If F is a field of characteristic p, with prime subfield K = GF(p) and u in F is a root of f(x) (over K), then u^p is a root of f(x).

Now, I know that x^p \equiv x (\text{mod } p), so isn't it immediately true that f(x^p)=f(x) (over K)? So, 0=f(u)=f(u^p).

I only ask because this type of problem (as I understand it) is much more elementary than the material that the text is covering. In the section from which this problem comes, the main results are (1) that if F = GF(q), then the irreducible factors of x^{q^{m}}-x over F are precisely the irreducible polynomials over F of degree dividing m, (2) the Mobius inversion formula, and (3) a formula for finding the number of monic irreducible polynomials of degree m over GF(q).

Please tell me if there is some critical misunderstanding that I am having.

 

[Norwegian]

In general, we don't have f(u)=f(u^p) in your field F, but only for u in K, and you also need to use that (a+b)^p=a^p+b^p for any a,b in F. Then it should be easy and fun to write out 0=f(u)^p and see where that leads.

 

[joeblow]

The result that (a+b)^p=a^p+b^p (which is all that is needed) was demonstrated (via exercise) much earlier in the chapter, though. Something is strange about the placement of this problem.

 

[Hurkyl]

It is true that, for every element a of GF(p), we have a^p = a. As a consequence, it's also true that, for every integer n, we have n^p \equiv n \pmod p. Also as a consequence, for every polynomial with coefficients from GF(p) and element a of GF(p), we have f(a) = f(a^p). Similarly, for every polynomial with integer coefficients and any integer n, we have f(n^p) \equiv f(n) \pmod p.

(Yes, I mean = where I've written =, and \equiv where I've written \equiv)If x is an indeterminate over GF(p), then it's not true that x^p = x. Consequently, if t is an indeterminate over Z, it's not true that t^p \equiv t \pmod p.
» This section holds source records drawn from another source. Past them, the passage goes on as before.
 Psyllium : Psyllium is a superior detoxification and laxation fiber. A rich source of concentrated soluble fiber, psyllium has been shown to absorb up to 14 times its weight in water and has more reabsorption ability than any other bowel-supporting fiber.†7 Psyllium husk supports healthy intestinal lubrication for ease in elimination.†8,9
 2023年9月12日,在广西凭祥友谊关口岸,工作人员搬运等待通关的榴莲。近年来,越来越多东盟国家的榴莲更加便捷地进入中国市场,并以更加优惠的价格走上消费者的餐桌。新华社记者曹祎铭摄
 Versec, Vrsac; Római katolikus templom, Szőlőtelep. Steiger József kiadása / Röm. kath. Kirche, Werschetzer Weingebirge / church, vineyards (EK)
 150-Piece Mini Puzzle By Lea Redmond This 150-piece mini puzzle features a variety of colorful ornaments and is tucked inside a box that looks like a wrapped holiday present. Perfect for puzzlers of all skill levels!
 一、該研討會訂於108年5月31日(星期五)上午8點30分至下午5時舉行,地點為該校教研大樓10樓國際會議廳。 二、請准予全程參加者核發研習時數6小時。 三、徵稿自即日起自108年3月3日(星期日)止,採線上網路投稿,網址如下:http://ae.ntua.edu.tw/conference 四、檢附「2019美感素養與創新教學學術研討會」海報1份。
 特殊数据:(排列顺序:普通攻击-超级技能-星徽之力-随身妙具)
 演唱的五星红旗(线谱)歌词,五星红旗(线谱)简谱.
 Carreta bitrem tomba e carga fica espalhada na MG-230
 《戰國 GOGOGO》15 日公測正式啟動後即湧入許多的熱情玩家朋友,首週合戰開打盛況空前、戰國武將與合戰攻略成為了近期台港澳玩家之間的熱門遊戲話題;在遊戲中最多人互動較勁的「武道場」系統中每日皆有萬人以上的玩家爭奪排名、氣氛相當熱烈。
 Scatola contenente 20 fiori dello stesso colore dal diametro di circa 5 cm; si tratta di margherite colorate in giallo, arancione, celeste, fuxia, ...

(While x and x^p both determine the same function on GF(p), they are different polynomials. And, e.g., they give different functions on GF(p^2))If u \notin \text{GF}(p), then we have no reason to expect u^p = u. If u is not an integer, we have no reason to expect u^p \equiv p \pmod p (if that equation even makes sense).For a finite field \text{GF}(p^e), the operation a \mapsto a^p is actually generalization of the idea of conjugation. For the special case of e = 2, you even have that (a^p)^p = a. (for larger e, you have to iterate e times rather than just twice)